Морщины на лице Пустельги сгустились – как всегда при упоминании Баба или Ханане.

– С ней я… на нее я слишком давила. И вообще, ты – не она. Нельзя ожидать, что ты будешь в точности такой же, как она.

Разговор этот жег и мучил Карину сильнее, чем вино, бродившее в желудке, но неизвестно, представится ли еще когда-нибудь случай высказать матери все, что накопилось на сердце.

– Я и не могу быть ею. И тобой быть не могу, и жить в Зиране, взаперти до могилы – не могу! Найди себе другую наследницу, роди дочь, к которой сумеешь не испытывать ненависти. В общем, что угодно, мне все равно. Только не заставляй, не принуждай меня ко всему вот этому…

По лицу Пустельги промелькнула тень чувства, которому Карина не подобрала бы названия.

– Ты думаешь, я тебя ненавижу?

Принцесса ожидала вспышки гнева. Гримасы презрения. Но искреннее отчаяние в голосе матери затронуло в душе Карины какие-то неведомые струны. Поколебало ее. Она старалась смотреть куда угодно – лишь бы не в лицо Пустельге, словно пытаясь найти на стенах решение, избавление от горечи, накопившейся между ними за долгие годы.

И вдруг – пронзительно вскрикнула.

Из угла комнаты внезапно выпрыгнула фигура в маске. В руке у фигуры мелькнуло округлое, траурно-черное лезвие кинжала с золотой рукоятью. В глазах полыхала звериная ненависть. Карина оцепенела от ужаса. Убийца бросился на нее.

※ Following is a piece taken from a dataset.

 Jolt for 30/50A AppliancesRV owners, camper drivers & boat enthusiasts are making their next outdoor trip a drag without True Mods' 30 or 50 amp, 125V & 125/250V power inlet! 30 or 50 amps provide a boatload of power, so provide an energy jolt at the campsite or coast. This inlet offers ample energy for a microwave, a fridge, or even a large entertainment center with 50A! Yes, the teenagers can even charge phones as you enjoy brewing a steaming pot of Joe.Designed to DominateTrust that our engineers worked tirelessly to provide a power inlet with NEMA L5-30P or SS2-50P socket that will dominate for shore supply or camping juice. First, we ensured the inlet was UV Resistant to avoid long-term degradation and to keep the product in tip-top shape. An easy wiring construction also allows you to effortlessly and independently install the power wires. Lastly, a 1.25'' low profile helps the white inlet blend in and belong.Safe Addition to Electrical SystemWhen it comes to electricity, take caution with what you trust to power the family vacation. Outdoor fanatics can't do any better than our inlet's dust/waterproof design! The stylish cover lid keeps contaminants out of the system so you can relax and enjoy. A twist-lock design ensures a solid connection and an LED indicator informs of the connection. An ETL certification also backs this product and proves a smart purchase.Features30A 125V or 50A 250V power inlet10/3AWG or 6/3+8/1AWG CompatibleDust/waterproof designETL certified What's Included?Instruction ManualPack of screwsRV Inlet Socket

Каким-то чудом Пустельга, кликнув на помощь Дозорных, успела рывком толкнуть дочь с того места, над которым клинок злодея в следующий миг описал смертоносную дугу. Инерция этого замаха заставила неизвестного резко развернуться на одном каблуке, и Карина с матерью успели выскочить в сад. Преследователь бросился за ними.

Принцесса опрометью неслась сквозь спутанные заросли кустарника, острые ветви раздирали ей кожу. Пустельга, даже в кромешной тьме, безошибочно находила дорогу, но Карина спиной чувствовала – убийца вот-вот их настигнет. Правительница снова и снова призывала Дозорных, но никто не появлялся. Куда они все подевались? Как этот черный человек сумел мимо них просочиться, их же так много?!

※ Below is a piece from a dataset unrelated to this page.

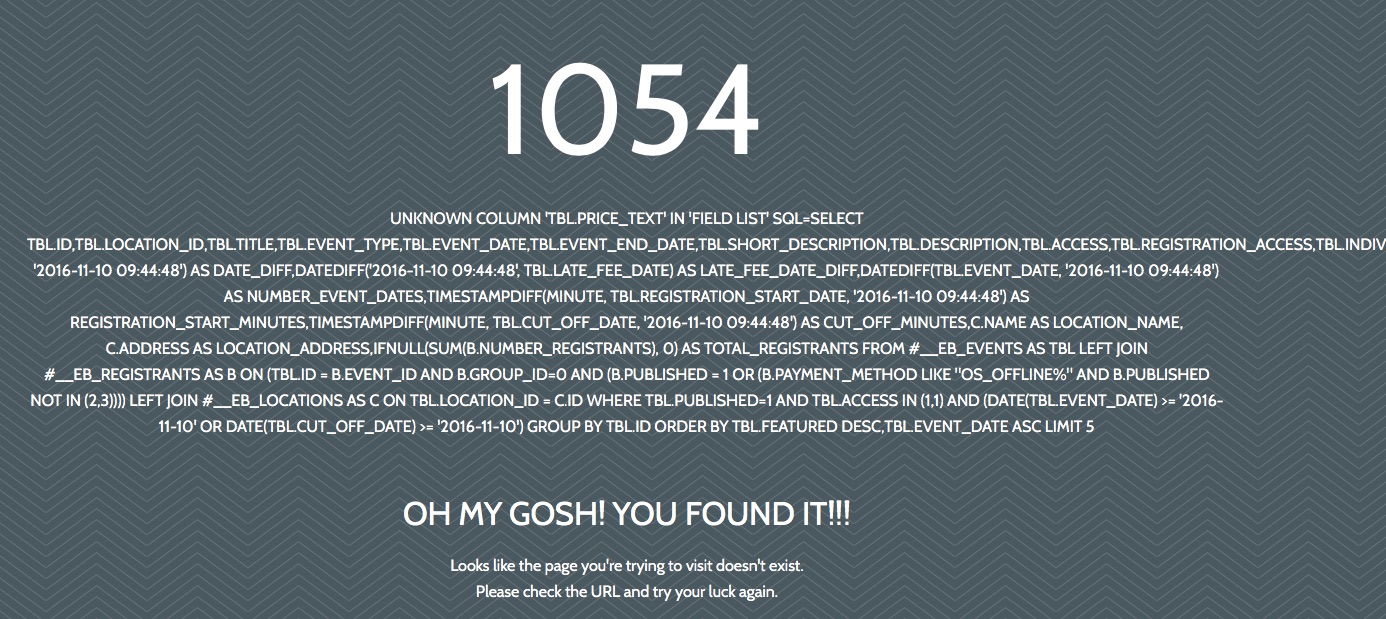 Page not found - events registration

Тут он схватил девушку за воротник, и из ее легких словно разом вышел весь воздух. Пустельга с яростным рыком выхватила из рукава собственный миниатюрный кинжал и всадила его в кисть врага. Тот, взвыв, отпустил Карину. Тогда мать, буквально запихнув ее под куст, развернулась, чтобы отразить очередной удар.

 

Принцесса шлепнулась на землю, вокруг правого уха нарастающими вспышками начала разрастаться сильная боль. Но она нашла в себе силы посмотреть наверх – ее мама, сделав ложный выпад влево, полоснула противника лезвием по лицу.

– На помощь! – что есть мочи завопила Карина.

Земля задрожала под кулаками, которыми она билась об нее, и будто наклонилась в ту сторону, где султанша сражалась с убийцей. Девушка судорожно завертела головой в поисках хоть чего-то, чем можно помочь матери, но лишь ветер продолжал звенеть в ее ушах.

– Стража! Стража!!!

Надо сказать, что изначально прозвище Пустельга закрепилось за правительницей именно благодаря незаурядному упорству и ловкости в бою, но лично Карине никогда не приходилась видеть ее «в деле». И теперь даже сквозь смятение и ужас девушку восхитило искусство, с которым та, перелетая с места на место, словно лист на ветру, уходила от выпадов злодея.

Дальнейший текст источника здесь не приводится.